Noch ist Europa nicht verloren 

Kultur / 07.11.2024 • 12:00 Uhr
Noch ist Europa nicht verloren 

Neulich konnte ich in meiner Fernsehsendung „Matt spricht mit“, in der ich mit interessanten Persönlichkeiten über ihr Leben und Werk plaudere, Adam Krzemiński einen der renommiertesten polnischen Journalisten und Publizisten begrüßen. Krzemiński spricht perfekt Deutsch und gilt in Polen als einer der herausragenden Kenner der polnischen und europäischen Geschichte. Seit 1973 ist er Redakteur der polnischen Tageszeitung Polityka, schreibt für die Zeit und ist oftmaliger Gast in der ARD.

Wir trafen uns am Tag nach der Eröffnung des neuen Museums Moderner Kunst, ein weißer monolithhafter Quader, der neben dem stalinistischen Kulturpalast eine prominente Lage im Herzen Warschaus einnimmt. Das Museum und die rings um den Kulturpalast pilzartig anwachsenden Wolkenkratzer sind glitzernde Zeugen für Europas seit 1989 erfolgreichsten Volkswirtschaft. So stieg das Pro-Kopf-Einkommen Polens seit 2004 um nahezu das Dreifache, mehr als in jedem anderen EU-Land. “Europa ist”, wie Krzemiński ausführte, “für die Polen zu einem Korrektiv geworden, zur Kontrollinstanz und zu einer pädagogischen Anstalt. Es ist ein Lackmuspapier und Katalysator nationaler Debatten und innenpolitischer Auseinandersetzungen. Und zugleich wünschten sie sich auch, dass in der EU der Nationalstaat stärker zur Geltung komme.
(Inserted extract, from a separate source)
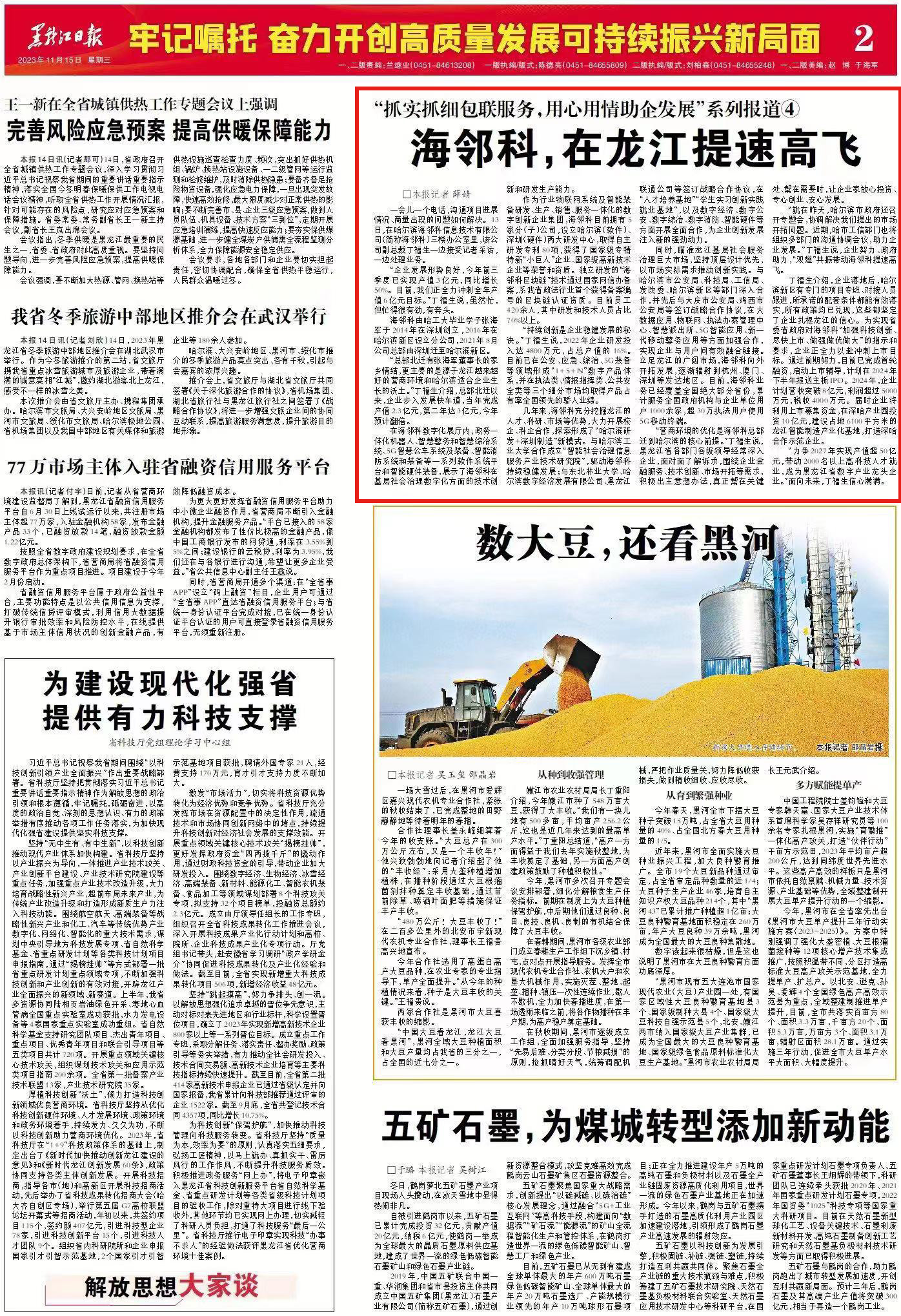 “就在昨天,哈爾濱市政府還召開專題會(huì),協(xié)調(diào)解決我們提出的市場開拓問題。近期,哈市工信部門也將組織多部門的溝通協(xié)調(diào)會(huì)議,助力企業(yè)發(fā)展?!倍「If,企業(yè)努力、政府助力,“雙翅”共振帶動(dòng)海鄰科提速高飛。
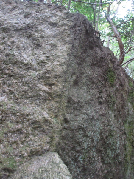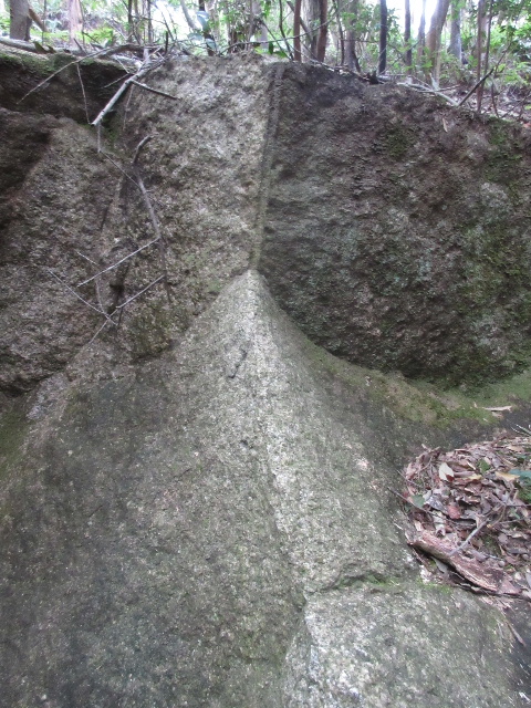 石材が採取された後の岩の形状は如何にも奇妙である。棒状の跡を境に両側は直交する平面であり、その下側は角度の異なる稜線となっている。岩肌も色彩も異なり、恰も異なる2つの岩がメリ込んでいるように見える。どうすればこのような断面ができるのか分からない。例えば間知石を採取しようとするために鑿を決められた方向にのみ宛てて鏨で叩き続ければ、ある程度整った平面を持つように割れてくれるのだろうか…

Eine Quadratur des Kreises, die für Europa nicht untypisch ist.”

Polen hat entgegen westlicher Kritik mehr als jedes andere Land Flüchtlinge aufgenommen.

Gerald Matt

Wurden der autoritär-populistischen Pis Regierung Rechtsstaatsverletzungen und Flüchtlingsfeindlichkeit vorgeworfen wurden, so erhält das Land unter dem Pro-Europäer Tusk nicht nur neuen wirtschaftlichen Schub, sondern scheint auch politisch zu Europas Avantgarde zu werden. Polen hat entgegen westlicher Kritik mehr als jedes andere Land Flüchtlinge aufgenommen. So fanden mehr als 1,2 Millionen Ukrainer, vor allem Frauen und Kinder, Schutz in Polen. Durch kulturelle Affinität der Migration konnten sowohl Integrationsprobleme als auch terroristische Bedrohungen vermieden werden. Krzemiński sieht in der anhaltenden Polenkritik insbesondere linker Kreise auch Nachwehen eines aus der Zeit des Kalten Krieges stammenden „westlichen Selbsthass und der Entwertung der Errungenschaften der freiheitlichen Demokratie in der Weichzeichnung des Kommunismus“, den so wie er sagt “wir heute auch gegenüber dem Islam beobachten können – nicht zuletzt aufgrund seines Antikapitalismus und Antiamerikanismus.”

Der Vorbehalt vieler westlicher Intellektueller gegenüber den ostmitteleuropäischen Dissidenten gründete nicht zuletzt darin, dass sie ja nur für sogenannte “bürgerliche Freiheiten” kämpften. Mit der einstweiligen, von der EU auch akzeptierten teilweisen Aussetzung des Asylrechts antwortet Donald Tusk nun entschieden auf die Versuche Russland und Belorussland durch gezielt gesteuerte Flüchtlingsbewegungen Europa weiter zu destabilisieren. Ebenso teilt Polen nicht zuletzt aufgrund seiner leidvollen Geschichte und der jahrzehntelangen Unterdrückung durch die Sowjetunion weder die Sympathien der europäischen Rechten für Putins Regime noch die Appeasementpolitik westlicher Linkspopulisten gegenüber Russland, sondern stellt unter Minister Sikorsky Polens EU-Vorsitz unter das Motto Sicherheit und Wehrhaftigkeit. Das Museum Moderner Kunst der amerikanischen Architekten steht in seiner schlichten Größe und pragmatischer Klarheit einen Kontrapunkt zum pompösen stalinistischen Kulturpalast und seinem machtrunkenen Prunk und setzt ein beeindruckendes Zeichen für eine selbstbewusste weltoffene Demokratie. Wie heißt es in der polnischen Hymne: “Noch ist Polen nicht verloren..”. Wenn man auf Europa blickt, müsste es wohl lauten: “Noch ist Europa nicht verloren.”

Dr. Gerald Matt ist Kulturmanager und unterrichtet an der Universität für Angewandte Kunst in Wien.